Сейчас Ника думает о ней, о том, что Заря и Нушидзе ждут их обеих в «Долине вздохов». Но сегодня Ника не пойдет в «Долину вздохов», ей надо подумать и решить, что делать с маленькой девочкой, как выручить Стешу. И она думает долго, напряженно… Вдруг что-то радостное вливается ей в грудь. Рой светлых, счастливых мыслей проносится у нее, как молния, в голове. Сердце начинает биться, как птица в клетке, быстро и бурно… О, какое счастье. Она нашла выход, она знает как помочь горю.
– «Невеста Надсона», «невеста Надсона!» Ты не спишь? – шепотом обращается она к своей соседке с левой стороны (с правой помещается Оля Галкина, донна Севилья).
Вместо ответа, белокурая Наташа Браун, успевшая уже задремать, декламирует спросонья:
Мне снится эта ночь и снится он… угрюмый,
Без цели он бредет на площади глухой,
Сжигаемый своей мучительной думой,
Страдающий своей непонятой тоской…
– Тише, ради Бога тише, Наташа… – молит Ника. – Слушай, что я придумала.
И она тут же наскоро сообщает соседке явившуюся ей так кстати счастливую мысль.
– Ах! – Наташа Браун даже всплескивает беленькими ручками от восторга – такой удачной кажется ей мысль Ники.
– Ника, прелесть моя, дай я тебя поцелую… – лепечет Наташа и бросается на грудь Баян.
Затем обе девушки берутся за руки и босиком, в одних рубашках, направляются из дортуара в умывальную, просторную комнату с медным бассейном-желобом для мытья и с десятком кранов, ввинченных в медную же доску, прилаженную к стене.
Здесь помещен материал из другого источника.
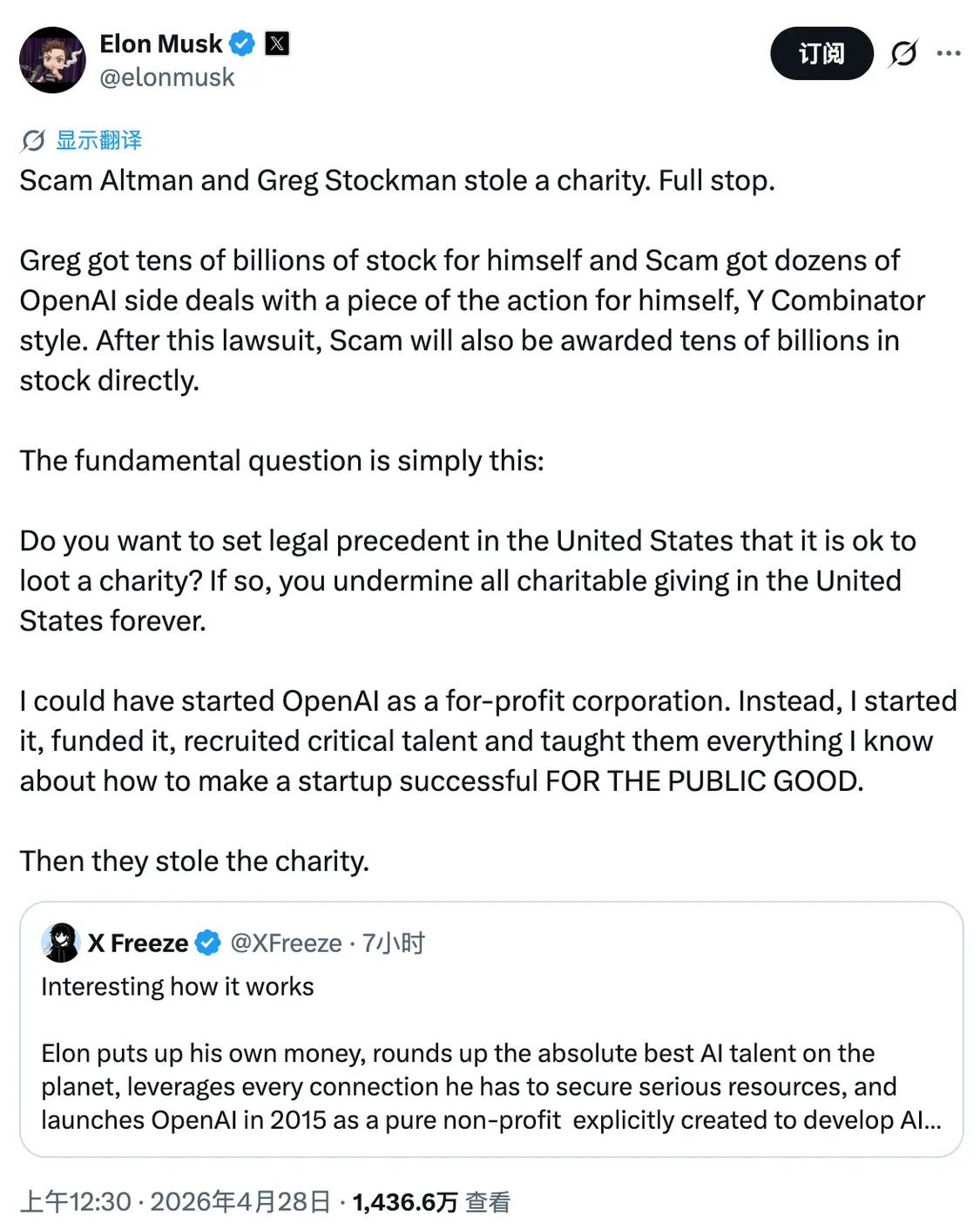 “骗子·奥特曼和格雷格·斯托克曼偷走了一家慈善机构。就这么简单。格雷格给自己拿到了价值数百亿美元的股票,而骗子·奥特曼则使用Y Combinator那套模式,通过OpenAI的数十项关联交易,为自己分得利益。这场官司打完,骗子自己还将直接获得数百亿美元的股票奖励。”马斯克表示。

Маленькая лампочка освещает умывальную. В углу ее в выдвинутом ящике огромного комода-постели спит дортуарная девушка. Ее толстая русая коса свесилась на пол. Руки закинуты за голову, рот полуоткрыт.
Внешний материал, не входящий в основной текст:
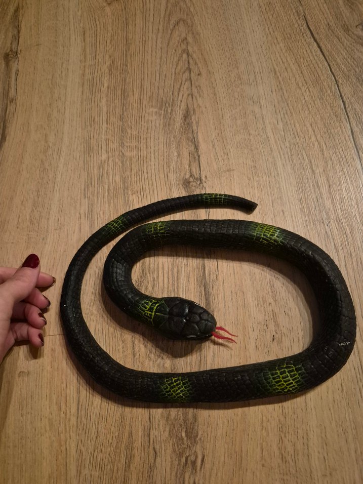 dokusu esnek yumuşak. kuyrugu kopmuş bi kısmı . Kıvrılmış tasarımlı, dokulu yüzeye ve kırmızı çatallı dile sahip siyah-yeşil yılan figürü.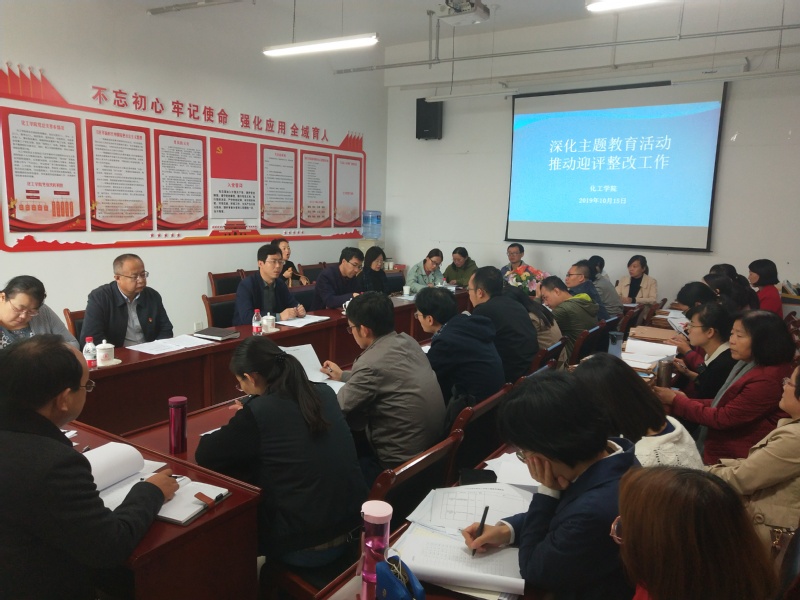 2019年10月15日下午,化工学院召开“深化主题教育活动,推动迎评整改工作”会议。全体教工参加会议,会议由党总支书记张兴辉主持。

– Нюша, Нюша! Проснитесь! Идите вниз и пробудьте до двенадцати ночи у вас в девичьей… – говорит шепотом Ника, расталкивая спящую горничную. – И если вы обещаете молчать о том, что я вас просила уйти сегодня, то получите за это рубль, на чай.
Растерявшейся Нюше остается только повиноваться. Она встает, покорная, заспанная, смущенно на глазах барышень натягивает чулки, белье, платье, накидывает платок и исчезает.
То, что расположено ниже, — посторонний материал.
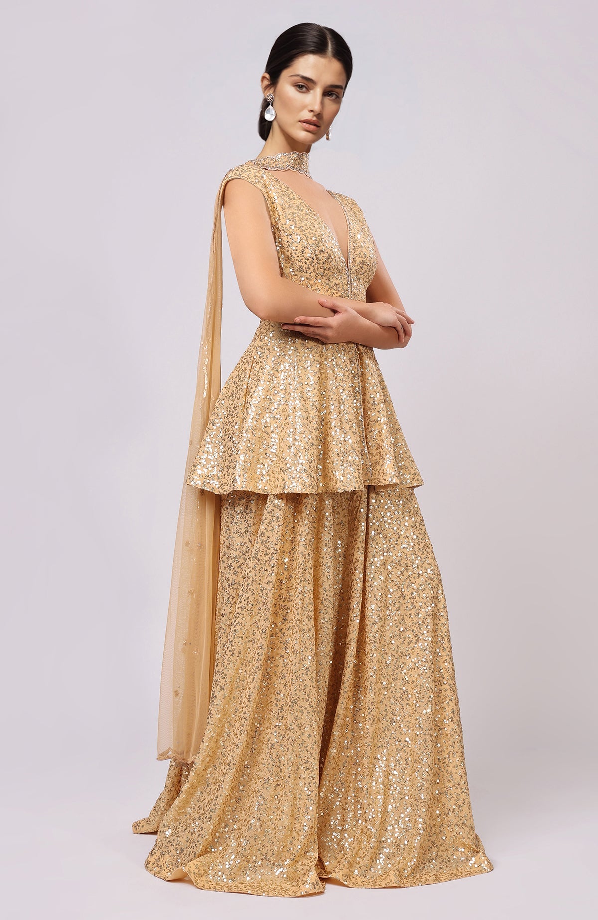 Gold Sequin Embroidered Sharara Set

Теперь Ника стремительно и бесшумно бросается в дортуар на цыпочках, едва касаясь земли. Здесь, проворная и легкая как серна, она обегает постели, целые три ряда постелей с неподвижно застывшими в них, дабы обмануть бдительность Скифки, воспитанницами, и срывает одеяло с каждой из них. В другое время несдобровать бы Нике, но сегодня, сейчас, воспитанницы выпускного класса знают отлично, что означает этот резкий маневр. И не дольше, как через минуту, тридцать пять белых фигур в длинных ночных рубашках и в туфлях на босую ногу бесшумно скользят за дверь.
* * *
– Mesdam'очки смотрите, какой душонок.
– Прелесть какая!
– Это – маленький ангел! Очаровательный ангелок!
– Поцелуй меня, котик мой!
– Нет, нет, меня первую!
– И меня, и меня тоже!
В умывальной собрался, за малым разве исключением, почти весь выпускной класс. В дортуаре остались только двое: «Спящая красавица» Нета Козельская, безжизненная девушка, имеющая способность засыпать всюду, где можно и где нельзя: в классе на уроках, в столовой за обедом, в часы рекреации в зале, не считаясь с обстоятельствами места и времени; да еще Лулу Савикова, или «m-lle Комильфо» – по прозвищу институток, – первая ученица, любимица классных дам, усердная и прилежная, помешанная на приличиях. Институтки-одноклассницы недаром прозвали ее «m-lle Комильфо» или «Комильфошкой». Лулу Савикова, искренне считая себя аристократкой, хотя она только дочь небогатого чиновника, постоянно делает замечания подругам по поводу их неуменья держать себя.
– Fi donc,[14] какие у тебя манеры! Это неприлично! – постоянно повторяет она.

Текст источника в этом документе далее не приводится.